--- Work required ---
The lines to retype run from the one containing "evento ta Powered" through the end of the listing below. Reproduce them exactly, leaving out pictures.
** Opening Source data block **
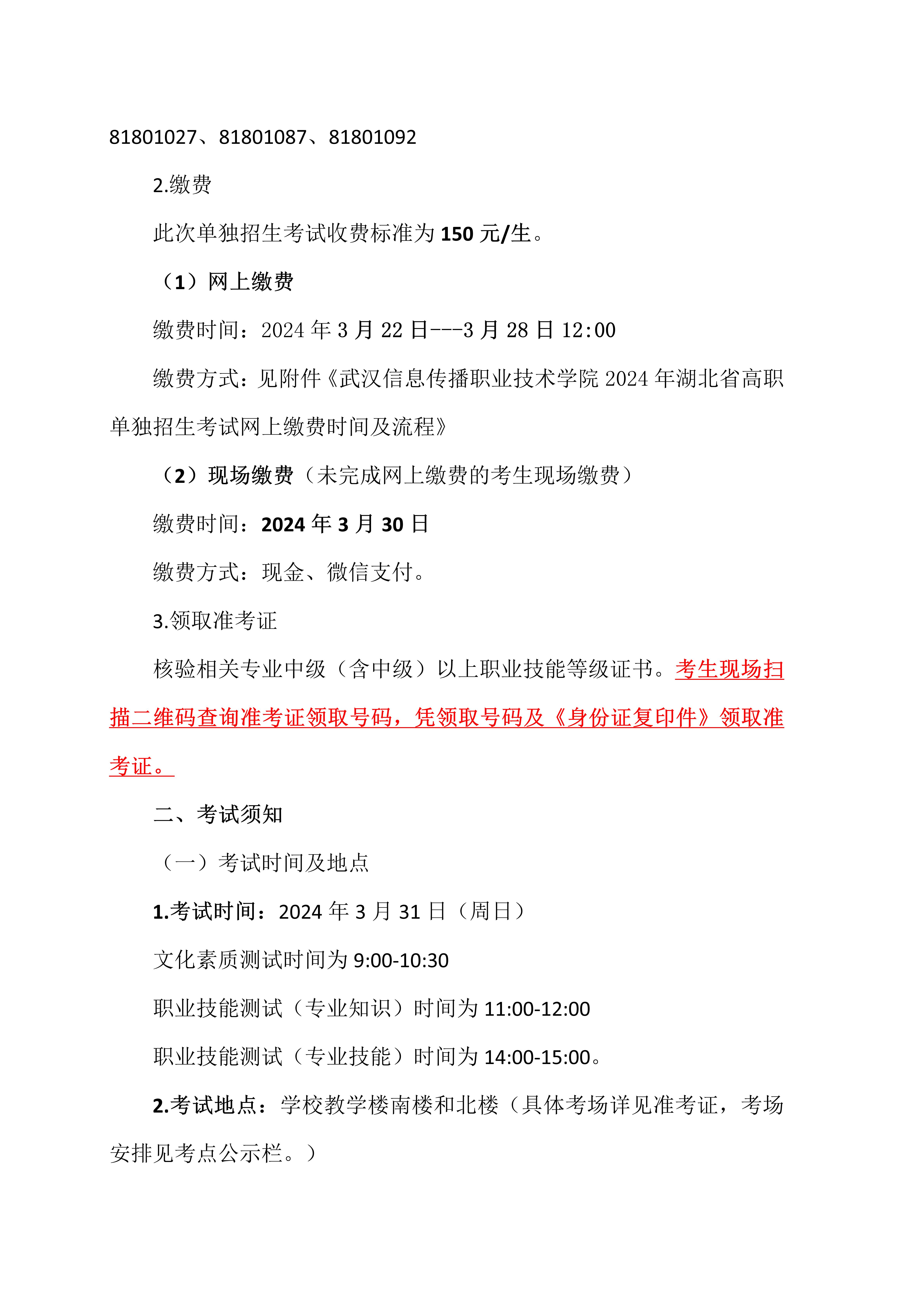 武汉信息传播职业技术学院2024年湖北省单独招生考试须知
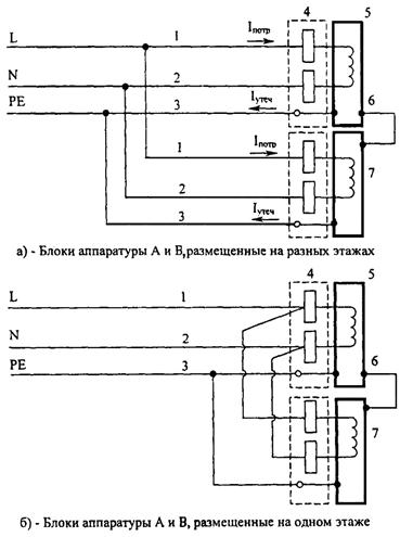 На рисунке Б.7а два блока аппаратуры питаются от двух отдельных фидеров, но корпуса обоих блоков заземлены через собственные защитные проводники. В этом случае разность потенциалов между корпусами минимальна и определяется разностью падений напряжений, образующихся на нулевых защитных проводниках протекающими по ним токами утечки (Iутечки ≈ 0).
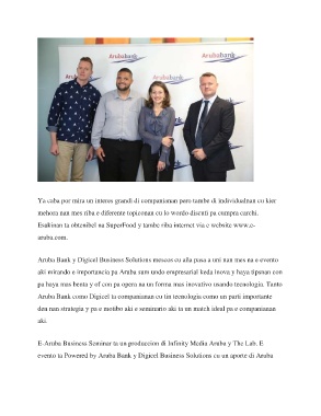 evento ta Powered by Aruba Bank y Digicel Business Solutions cu un aporte di Aruba
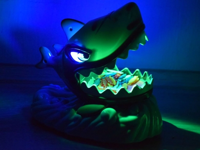 Žralok so svietiacimi ústami i očami pridáva na dramatickosti. Bezpečné zuby zabezpečia bezstarostnú hru.
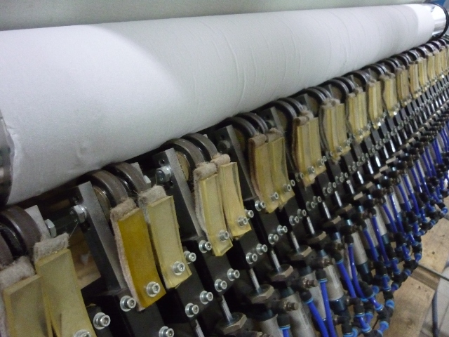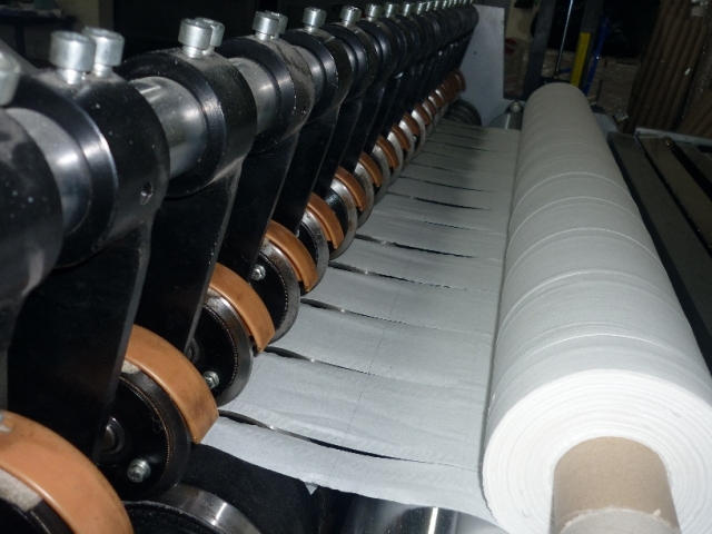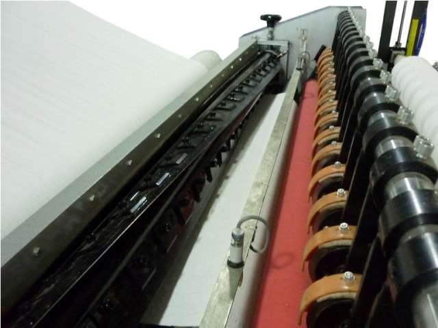 * Slitting unit placed over the winding rolls with adjustable blades.
** Closing Source data block **
--- Solution for this problem ---
 evento ta Powered by Aruba Bank y Digicel Business Solutions cu un aporte di Aruba
 Žralok so svietiacimi ústami i očami pridáva na dramatickosti. Bezpečné zuby zabezpečia bezstarostnú hru.
 * Slitting unit placed over the winding rolls with adjustable blades.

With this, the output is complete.